Automatic for the People arrived a mere 18 months after Out of Time—a swift turnaround time for a sequel to a blockbuster album that still seemed ubiquitous well into 1992. But then the early 1990s were to R.E.M. what the late ‘60s were to the Beatles—a period where the band took a break from touring to immerse itself in the possibilities of the studio, breaking down traditional instrumental roles in the process. The star-lit lullaby “Nightswimming”—essentially a demo embellished by John Paul Jones’ wondrous string arrangements—features Stipe accompanied only by bassist Mike Mills on piano; “Everybody Hurts,” a song largely without traditional percussion, was crafted by drummer Bill Berry. Even as Stipe’s celebrity skyrocketed in the wake of “Losing My Religion” getting played nonstop on MTV, R.E.M. remained an intensely democratic unit, a quality that’s emphasized in the outtakes on this 25th-anniversary reissue. Many of them reveal that Stipe’s melodies and lyrics were often the final pieces of the puzzle to be set into place, as he hems and hums his way through otherwise structurally sound versions of “Find the River” (once known as “10K Minimal”) and “Ignoreland” (née “Howler Monkey”). They also reveal that the sessions for R.E.M.’s darkest album did yield moments of playful release, like the self-explanatory “Mike Pop’s Song” (which could’ve been the sunny flipside to Mills’ Out of Time standout “Texarkana”) and “Devil Rides Backwards” (a would-be companion to “Man on the Moon,” had Stipe ever finished writing its lyrics), not to mention an early draft of “Sweetness Follows” bearing the Gulf War-aftershocked title, “Cello Scud.”

But if the demos collection presents the fables of R.E.M.’s deconstruction, its concert-disc complement—capturing the only show they performed in support of Automatic for the People—is an essential document of their onstage chemistry. Recorded live at the 40 Watt Club mere days after Clinton’s victory, the band sounds eager to extend the celebratory mood by favoring Automatic’s more rousing songs (including a tough, hard-rockin’ twist on “Drive”), cool covers (the Troggs’ “Love Is All Around,” Iggy Pop’s “Funtime”), and beloved back-catalog standards (“Fall on Me,” “Radio Free Europe”). Top it off with choice stage banter about the indignities of using capos and humorous exchanges with Israelis, and you’ve got a pristine portrait of the original four-piece formation at its absolute prime, before the onset of middling reviews, health issues, and line-up changes. But if the 40 Watt Club set is a frozen-in-amber monument of peak-era R.E.M., it’s one that bears out the wearing effects of today’s political climate. At one point, Stipe informs the crowd that the show is being recorded for a Greenpeace benefit record—by a solar-powered mobile-truck studio.

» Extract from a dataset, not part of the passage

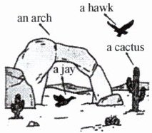 If you ask most people about the desert, they might describe(描述) sand and rocks. Arches National Park in Utah shows a different 1. Visitors to Arches are amazed by the life and 2 in the desert. Wildflowers and cactuses add bright colours to the red rock. Blue jays and red-tailed hawks fly up high in the sky.

And in lieu of his normally deadpan speaking voice, you can hear an audible excitement over the prospect that America was on the brink of a major paradigm shift. Alas, that cautious optimism has curdled once again into despair a quarter-century later, when presidential elections are still being fought and won on coal-industry pandering and climate-change denial. The exchange provides a stark reminder of the chasm that exists between the world R.E.M. dreamed we’d inherit and the one we’re living in now.

For a band once so omnipotent and omnipresent that they inspired parody songs and comedian rants, R.E.M. occupy a peculiar place in 2017. Even before their official split in 2011, they had long ceased to be the headline-generating juggernaut that their benevolent rivals in U2 clearly relished becoming, yet they haven’t retained the outsider cachet that their one-time peers in the Smiths and the Cure still hold, and their vintage T-shirts have yet to become staples of student attire. But if Automatic for the People is the ultimate emblem of a distant era when R.E.M. were the biggest, most important rock band in America, it’s an album that—in surveying a fraught political landscape, the fragility of our mental health, and the fate of our planet—still speaks emphatically to our current condition. It’s just that the dark clouds it saw creeping in on the horizon have since erupted into a violent storm.